Possible values are: 0, 1, ... , 7.
Platform independent Python tool to implement LSB image steganography and a basic detection technique. Features:
- Encrypt data before insertion.
- Embed within LSBs.
- Extract hidden data.
- Basic analysis of images to detect LSB steganography.
How to use:
$ python lsb.py
LSB steganogprahy. Hide files within least significant bits of images.
Usage:
lsb.py hide <img_file> <payload_file> <password>
lsb.py extract <stego_file> <out_file> <password>
lsb.py analyse <stego_file>
All data is encrypted before being embedded into a picture. Encryption is not optional. Two consequences of this are that:
- The payload will be slightly larger.
- The encrypted payload will have a high entropy and will be similar to random data. This is why the frequency of 0s and 1s in the LSB position should be the same – 0.5. In many cases, real images don’t have this propriety and we’ll be able to distinguish unaltered images from the ones with embedded data. More below.

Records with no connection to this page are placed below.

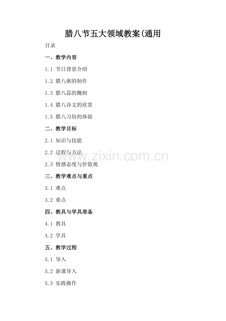 1. 腊八节五大领域教案(通用)
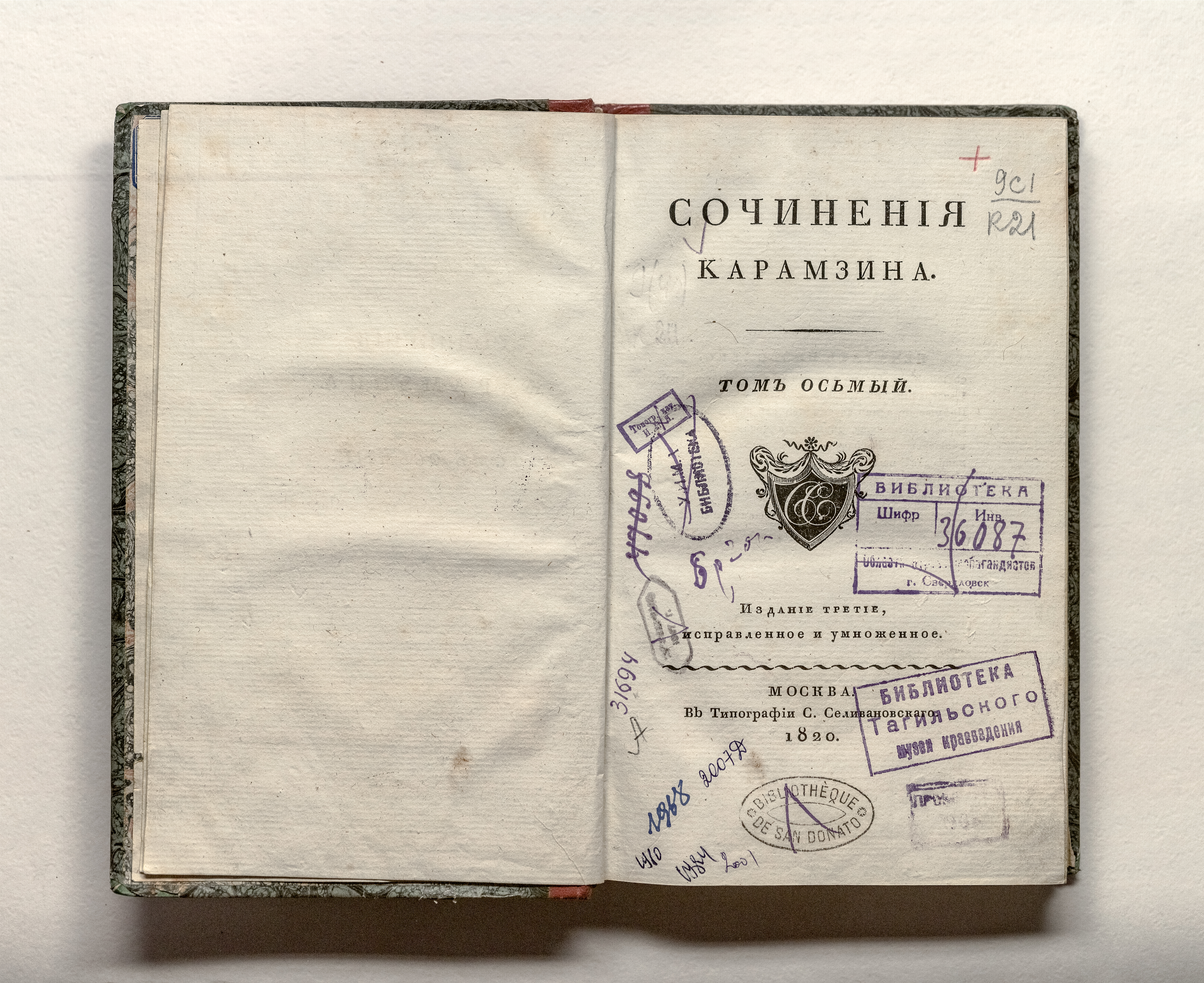 Карамзин, Н. М. (1766 – 1826). Сочинения Карамзина / Н. М. Карамзин. Изд. 3-е, испр. и умноженное. Т. 8. – Москва : тип. С. Селивановскаго, 1820. – 265, [2] с. ; 23х14 см.
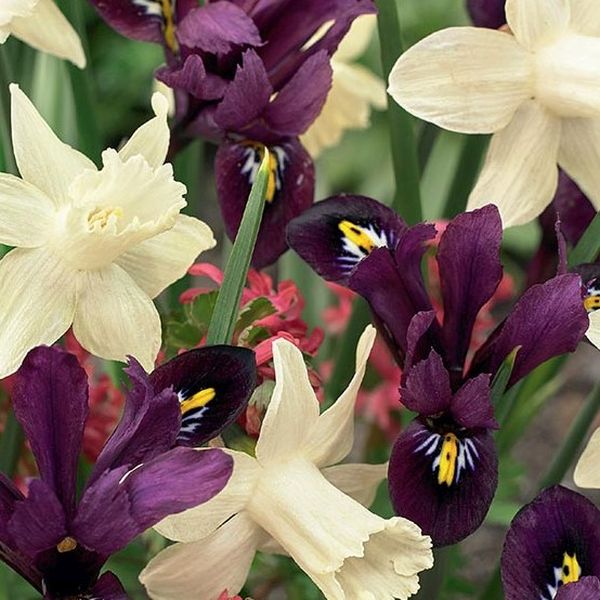This blend is made up of Snow Baby daffodils (Narcissus ‘Snow Baby’) and Purple Hill Iris (Iris reticulata ‘Purple Hill’). The light and dark contrast for a stunning show.
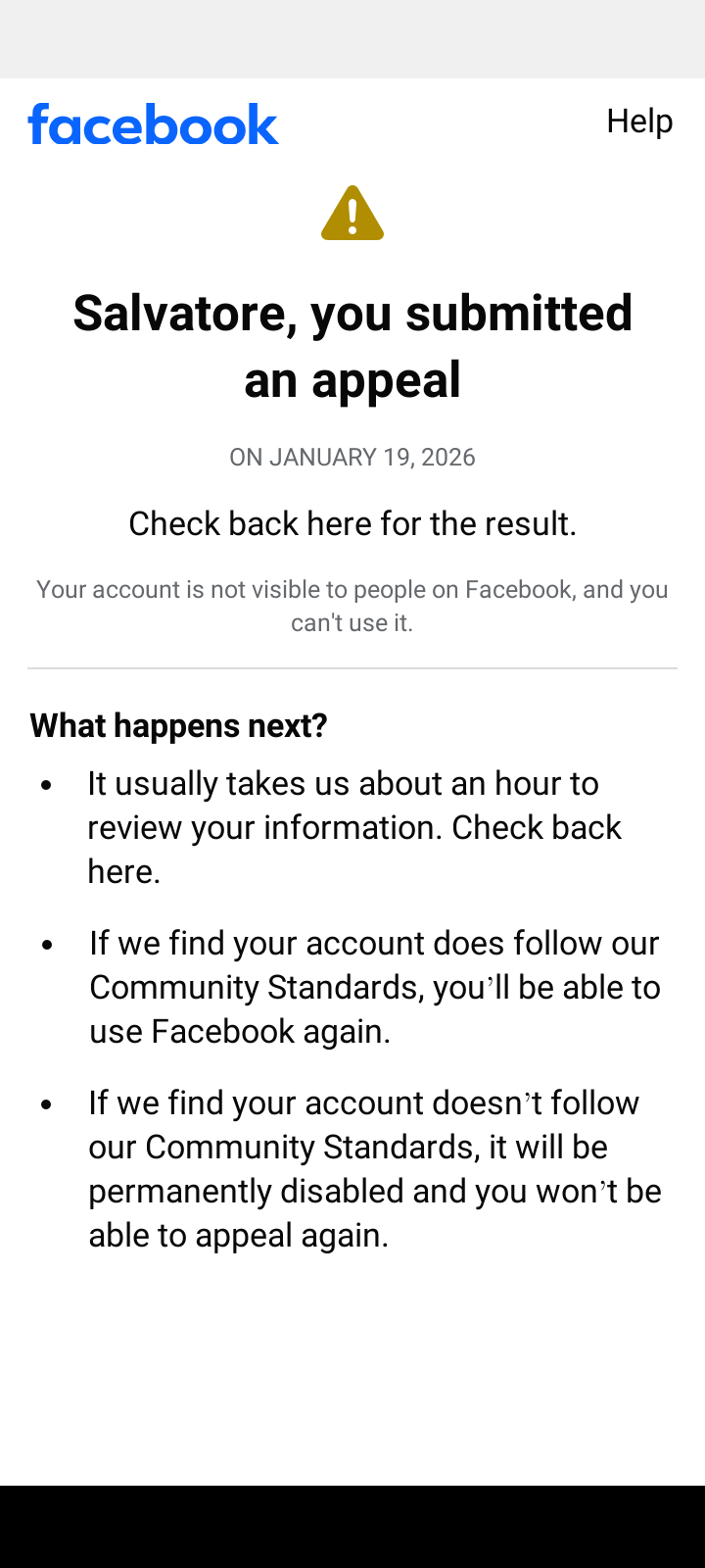 This account was eventually migrated to the meta account system and still works while my facebook account still doesn't work.

Encrypt and hide an archive:
$ python lsb.py hide samples/orig.jpg samples/secret.zip p@$5w0rD
[*] Input image size: 640x425 pixels.
[*] Usable payload size: 99.61 KB.
[+] Payload size: 74.636 KB
[+] Encrypted payload size: 74.676 KB
[+] samples/secret.zip embedded successfully!
Original image:
Image with 75k archive embedded:
$ python lsb.py extract samples/orig.jpg-stego.png out p@$5w0rD
[+] Image size: 640x425 pixels.
[+] Written extracted data to out.
$ file out
out: Zip archive data, at least v1.0 to extract
A simple way to detect tampering with least significant bits of images is based on the observation above – regions within tampered images will have the average of LSBs around 0.5, because the LSBs contain encrypted data, which is similar in structure with random data. So in order to analyse an image, we split it into blocks, and for each block calculate the average of LSBs. To analyse a file, we use the following syntax:
$ python lsb.py analyse <stego_file>
Example
Now let’s analyse the original:
$ python lsb.py analyse castle.jpg
… and now the one containing our payload:
$ python lsb.py analyse castle.jpg-stego.png
- It is entirely possible to have images with the mean of LSBs already very close to 0.5. In this case, this method will produce false positives.
- More elaborate theoretical methods also exist, mostly based on statistics. However, false positives and false negatives cannot be completely eliminated.